África do Sul Pede Força Da ONU Para Gaza.
Nesta segunda-feira, 30 de Outubro de 2023, a África do Sul fez um apelo urgente às Nações Unidas, solicitando o envio imediato de uma força de proteção a Gaza para garantir a segurança dos civis perante os contínuos ataques israelitas.
O Ministério dos Negócios Estrangeiros emitiu um comunicado em que reforça a necessidade de uma ação global séria, à luz do elevado número astronómico de não combatentes, incluindo mais de 3000 crianças que perderam a vida.
O Pedido da África do Sul
Este pedido ocorre num contexto em que Israel continua a realizar intensos bombardeamentos aéreos e de artilharia em Gaza, simultaneamente com a expansão das operações terrestres das forças israelitas.
A guerra entre Israel e o grupo militante palestiniano Hamas foi desencadeada após um ataque transfronteiriço mortal do Hamas a partir da Faixa de Gaza, a 7 de Outubro de 2023, resultando na morte de cerca de 1.400 civis e soldados israelitas.
No entanto, as autoridades de saúde em Gaza, sob o controlo do Hamas, alegam que, desde então, mais de oito mil pessoas perderam a vida, incluindo muitas mulheres e crianças. Organizações humanitárias têm enfrentado dificuldades para prestar auxílio a estas pessoas.
Crescem os apelos internacionais para proteger os civis palestinianos, que se encontram encurralados no conflito. A África do Sul, com a sua longa história de defesa da paz na região e o seu passado de apartheid, comparou a situação dos palestinianos à sua própria experiência.
No entanto, ao solicitar uma força de proteção da ONU, a África do Sul foi além do que a maioria das nações defendeu, já que algumas apenas apelaram a um cessar-fogo ou à abertura de corredores humanitários.
As Divisões na África do Sul
O conflito Israel-Palestina continua a dividir os políticos sul-africanos, revelando alianças históricas e posições variadas.
O ataque do Hamas a Israel gerou respostas diversificadas no cenário da política sul-africana. Essas reações refletem a longa história do envolvimento da África do Sul no conflito israelo-palestiniano que remonta a antes do estabelecimento da democracia em 1994 e tem um significado simbólico para muitos no país.
Assim como aconteceu com a guerra na Ucrânia, a postura perante este conflito permite às partes extremar as suas posições na luta contra ou a favor da influência ocidental global.

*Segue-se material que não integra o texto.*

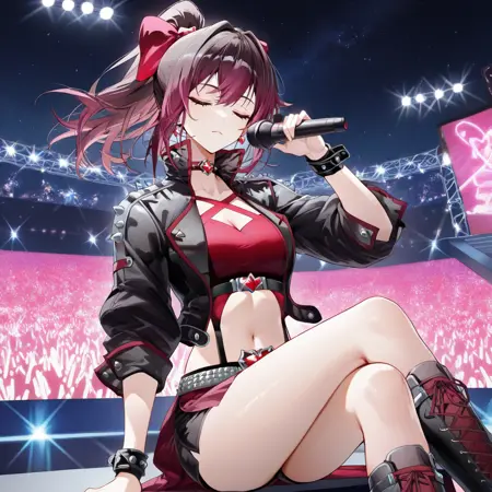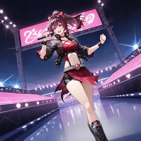 TangYa, Tgy_4th, 茶色の髪, 紫色の髪, ポニーテール, 紫色の目, レザーのジャケット, 開いたジャケット, 黒いジャケット, クロップドジャケット, サスペンダー, ナット付きベルト, 赤い宝石, ハート型の宝石, 赤いクロップドトップ, クロップドトップ, 交差するストラップ, 胸元, 赤いチョーカー, 赤いトリム, 赤いスカート, ミニスカート, サイドスリット, 黒いショートパンツ, マイクロショーツ, アンダーバスト, スカート下のショーツ, スパイク, スパイク付きリストバンド, 手首ベルト, ロールアップされた袖, 高いカラー, へそ, 中腹, 赤いリボン, 髪のリボン,

É preciso não esquecer que o governo sul-africano já anteriormente, tinha manifestado preocupação em relação à situação dos palestinianos na região da Cisjordânia, apontando a ocupação de partes significativas do território e a construção de novos colonatos por parte de Israel como flagrantes violações do direito internacional.
Durante a segunda reunião dos Chefes de Missão Palestiniana em África, a Ministra das Relações Internacionais e Cooperação da África do Sul, Naledi Pandor, afirmou que a narrativa palestiniana evoca experiências da própria história de segregação racial e opressão da África do Sul.

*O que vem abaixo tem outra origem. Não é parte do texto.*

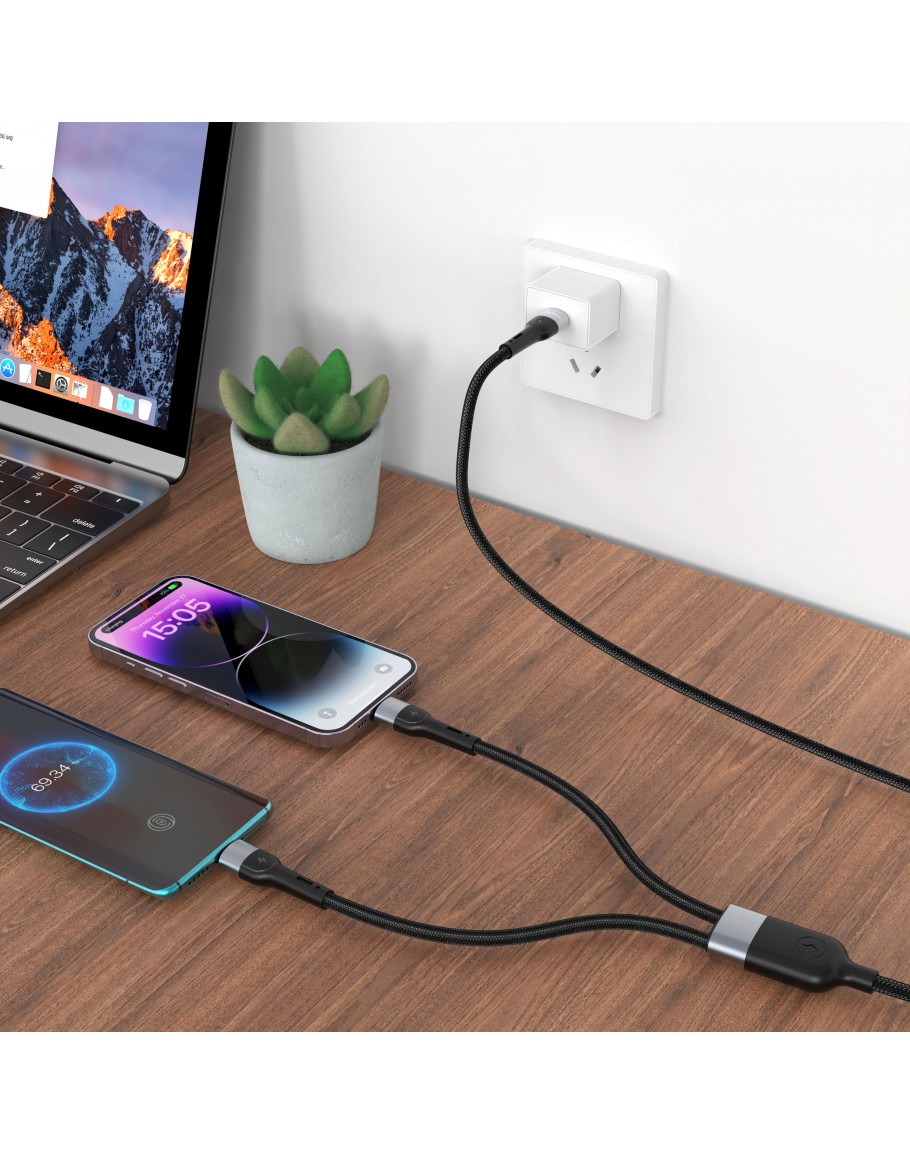 Кабел за данни DeTech DE-49CCL, 2 в 1, Type-C - Type-C, Lightning, 1.0m, Черен - 40514

Ela relembrou que os sul-africanos vivenciaram em primeira mão os efeitos da desigualdade racial, discriminação e negação e, portanto, não podem permitir que mais uma geração palestiniana fique para trás devido à segregação causada pelo estado de Israel.
Pandor também pediu à ONU, a classificação de Israel, como um estado terrorista baseado em apartheid e solicitou a criação de um comité pela Assembleia Geral das Nações Unidas para verificar as ações do governo de israelita.
A Opinião do ANC
O governo sul-africano, liderado pelo Congresso Nacional Africano (ANC), descreveu os acontecimentos recentes como uma “escalada devastadora”, atribuindo a responsabilidade principalmente a Israel e às suas políticas segregacionistas.

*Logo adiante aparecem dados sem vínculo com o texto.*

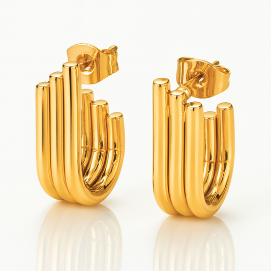 Rosara | 18K Gold Plated Triple Hoop Pipe Hoop Waterproof Earrings

Políticas essas que incluem a ocupação contínua de territórios palestinianos, a expansão de colonatos, a profanação de locais sagrados muçulmanos e cristãos, bem como a opressão persistente do povo palestiniano.
Esta situação requer uma cessação imediata da violência, contenção e esforços para alcançar a paz entre Israel e a Palestina. O ANC também incentivou Israel a adotar a solução política de dois Estados, como meio de resolver o conflito que envolve a criação de um Estado palestiniano independente a par de Israel.
Por outro lado, o ANC emitiu uma declaração em nome do partido, demonstrando um apoio ainda mais explícito ao Hamas. O porta-voz nacional do partido, Mahlengi Bhengu-Motsiri, defendeu as ações do Hamas, invocando a duradoura solidariedade entre o ANC e a causa palestiniana.
Para muitos, a história do apartheid na África do Sul lembra a atual realidade da Palestina ocupada, e a decisão dos palestinianos de resistir à brutalidade do regime de colonos israelitas é compreensível.
A Opinião dos Outros Partidos
O partido pan-africanista de extrema-esquerda, os Combatentes pela Liberdade Económica (EFF) que se formou após uma cisão do ANC e agora é o terceiro maior partido no parlamento, endossou o recurso à violência pelo Hamas. Estabelecendo paralelos com a luta contra o apartheid, o porta-voz do partido responsabilizou diretamente Israel.
Por outro lado, vários movimentos demonstraram solidariedade com Israel. A Aliança Democrática Liberal, o principal partido da oposição, condenou veementemente o “ataque não provocado” do Hamas, repudiando a violência indiscriminada e os atos de terror contra civis, incluindo mulheres e crianças.
Alguns partidos centristas ou tradicionalistas, como a Aliança Patriótica e o Partido da Liberdade Inkatha, também expressaram críticas aos ataques do Hamas. As principais organizações judaicas da África do Sul também manifestaram apoio a Israel.
Raízes históricas
O apoio inabalável à causa palestiniana tem sido uma constante na política externa da África do Sul desde que o ANC assumiu o poder em 1994. Esta postura transformou o país numa das vozes mais proeminentes na crítica a Israel a nível global.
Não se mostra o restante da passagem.